Other Original Articles

Inhibin-Activin Receptor Subunit Gene Expression in Ovarian Tumors

Peter J. Fuller1, Emma T. Zumpe, Simon Chu2, Pam Mamers and Henry G. Burger

Prince Henry’s Institute of Medical Research and Monash University, Departments of Obstetrics and Gynecology and Medicine, Monash Medical Center, Clayton, Victoria 3168, Australia

Address all correspondence and requests for reprints to: Dr. Peter J. Fuller, Prince Henry’s Institute of Medical Research, P.O. Box 5152, Clayton, Victoria 3168, Australia. E-mail: . peter.fuller{at}med.monash.edu.au

Abstract

Granulosa cell tumors of the ovary (GCT) express the inhibin subunit genes and secrete dimeric inhibin. Transgenic mice null for the {alpha}-inhibin gene develop GCT. It has been suggested that this apparent contradiction may be reconciled if the human GCT are resistant to the tumor-suppressive effects of inhibin.
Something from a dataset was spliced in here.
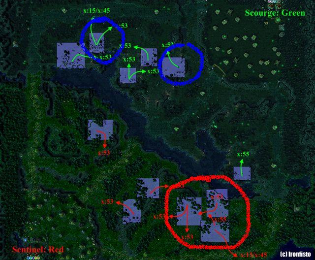 1級(jí)我們主要刷的野是紅色圈圈內(nèi)的3片野怪,其中最下面靠近兵線的1片野在實(shí)戰(zhàn)中經(jīng)常會(huì)被封掉,這里我們以最壞的打算假設(shè)它被封掉,因此我們只利用紅色圈圈內(nèi)左上的大野點(diǎn)和右邊靠近河道的野點(diǎn),2片野怪。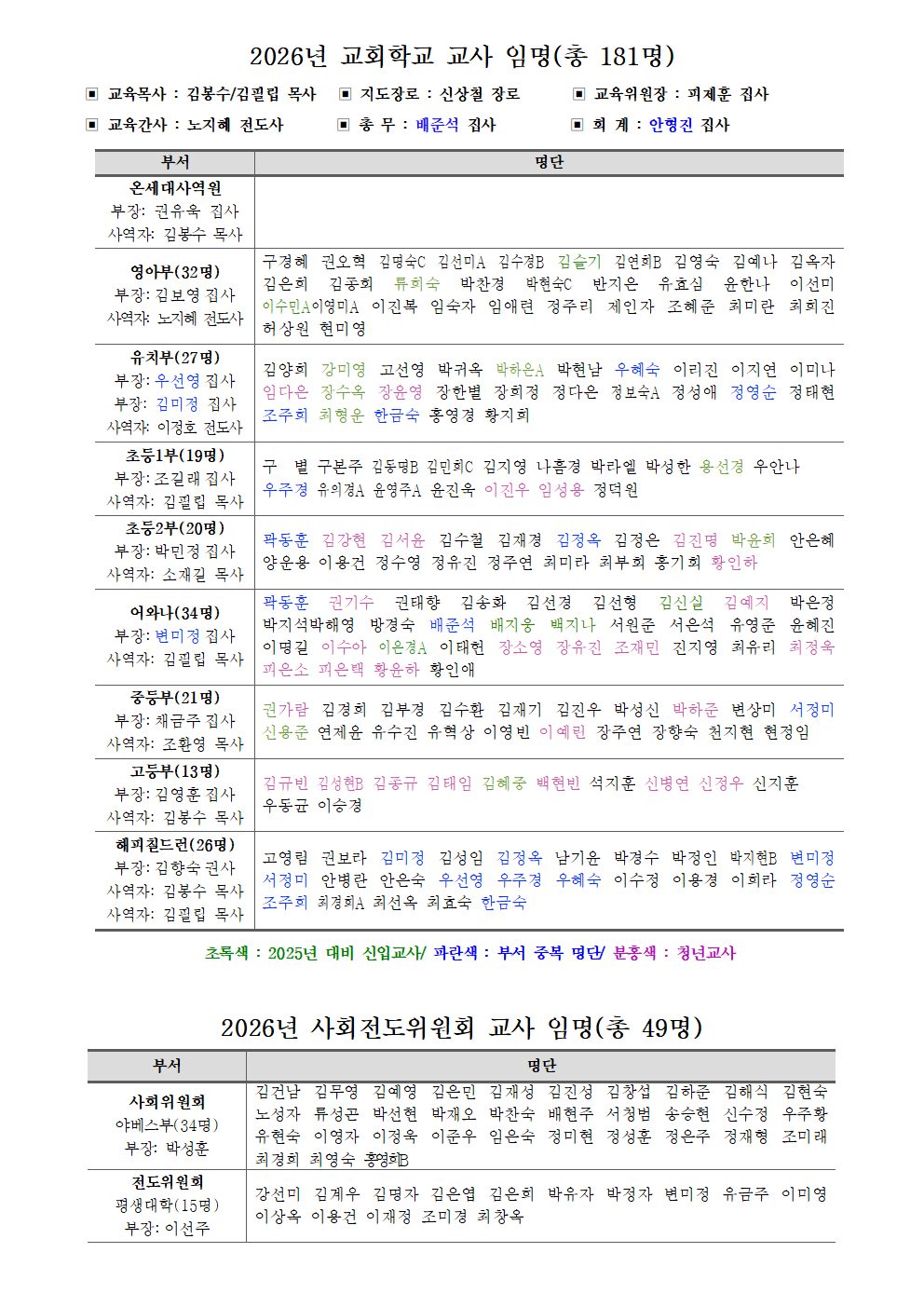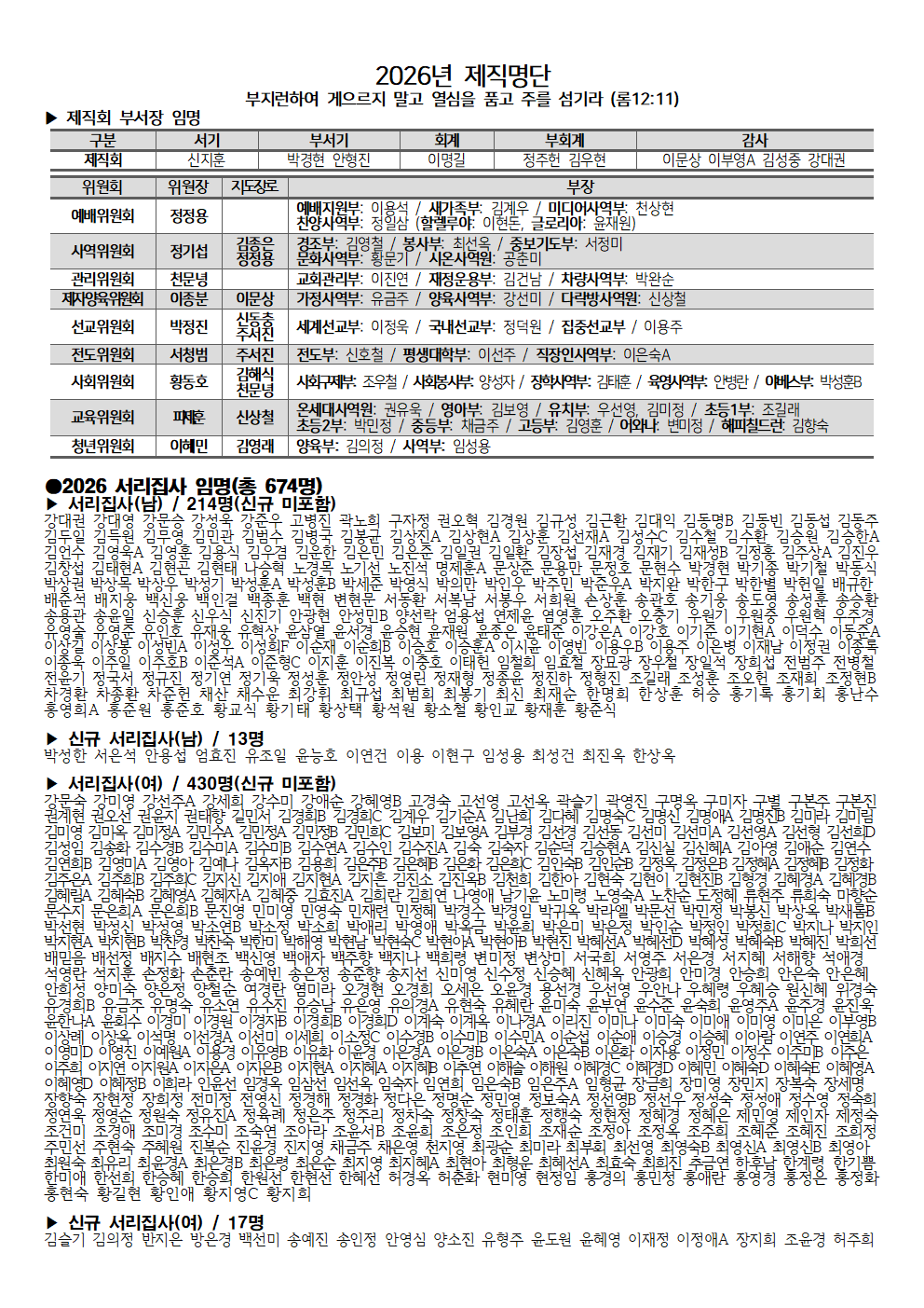 2026년 제직 명단

Inhibin receptors have recently been characterized as consisting of either betaglycan or p120 in association with the type II or type I activin receptor subunits (ActR), respectively. To test the hypothesis that GCT may exhibit loss of inhibin receptor expression we have examined the expression of the receptor subunits in a cohort of GCT and in mucinous and serous cystadenocarcinomas and normal ovary. Expression was determined by RT-PCR using gene-specific primers and probes combined with Southern blot analysis of the PCR products. The ActRI subunits and ActRIIA exhibited widespread albeit variable expression across tissues, with the highest levels in the serous tumors. ActRIIB expression was relatively low in the mucinous tumors and high in the GCT. Betaglycan expression was abundant, widespread, and variable across all tissues; highest mean levels occurred in the GCT and normal ovary. p120 expression was low or absent in all tissues except the GCT. Within the GCT there was parallel expression of the ActR subunits, betaglycan and p120; the levels, however, varied considerably between tumors. Expression of betaglycan and p120 in most GCT argues against the hypothesis, but does not exclude the possibility that low or absent expression of p120 might be significant in a subset of these tumors.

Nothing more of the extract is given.